Re: Optimization in Mathmatica
- To: mathgroup at smc.vnet.net
- Subject: [mg85023] Re: Optimization in Mathmatica
- From: Ray Koopman <koopman at sfu.ca>
- Date: Thu, 24 Jan 2008 04:44:37 -0500 (EST)
- References: <fn2158$h2p$1@smc.vnet.net>
On Jan 21, 3:54 am, "Ludsteck Johannes" <Johannes.Ludst... at iab.de> wrote: > Dear MathGroup Members, > I want to minimize a function of about 20-30 variables using FindMinimum > and NMinimize. > The objective is a statistical function, i.e. a sum of several thousand > data points. > If the number of Data points exceeds 30000, Mathematica shuts down and > tells me that nout enough memory is available. > My computer has, however, about 2GB available which should suffice for a > problem of this dimension. After some experimentation > I found that the shut down can be avoided by providing two starting > values. Then Mathematica uses the Brent algorithm > which works without derivatives. A further working solution is Nminimize > with option Method->{NelderMead, PostProcess->"KKT"}. > Both strategies are, however, extremely inefficient. I assume that > Mathematica shuts down with other options since it tries to > compute gradients and hessians symbolically.
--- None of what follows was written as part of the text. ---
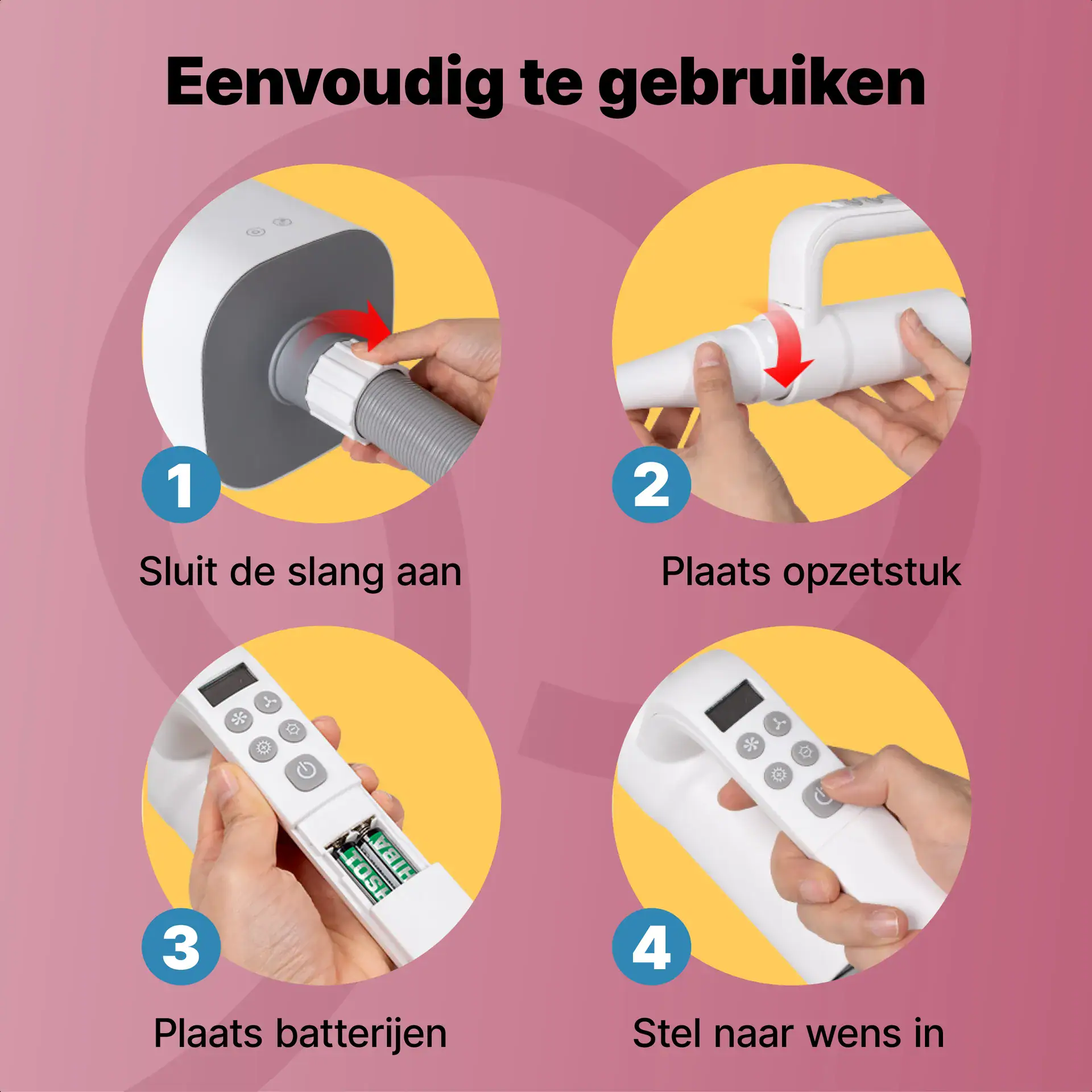De hondenföhn is door iedereen te bedienen (kinderen altijd onder toezicht), lees alvorens wel de handleiding goed door.

These objects may be huge. > Question: How can I urge Mathematica to do the minimization without > symbolic computations. I searched the documentation but > didn't find detailed information on memory usage in FindMinimum and > Nminimize > > Thank you and best regads, > Johannes Ludsteck > > Probably that is not important for you. Nevertheless, here are parts of > my code: > > chi[u_,v_,d_]:=Which[ > d<=-v,u^2-2 u (v+d), > -v<d<u,(u-v-d)^2, > True,v^2+2 v (d-u)]; > SetAttributes[chi,Listable]; > > chiSumPair[y1_,y2_,dx_,b_]:=Total[chi[y1,y2,dx.b]]; > > chiSumTotal[y1_,y2_,dx_,bx_,bd_]:= > Total[MapThread[ > chiSumPair[#2,#1,Map[Append[#,-1]&,-#3],Append[bx,#4]]&, > {y2,y1,dx,bd}]]; > > ... > sol=Last[FindMinimum[chiSumTotal[y1,y2,dx,bx,bd], > Evaluate[Sequence@@start], > MaxIterations->500,Method->"QuasiNewton"]]; Is this some sort of regression problem, with y1 & y2 specifying an interval dependent variable, dx a predictor matrix, and bx & bd a to-be-solved-for vector & scalar, respectively? Will y1 & y2 always be positive?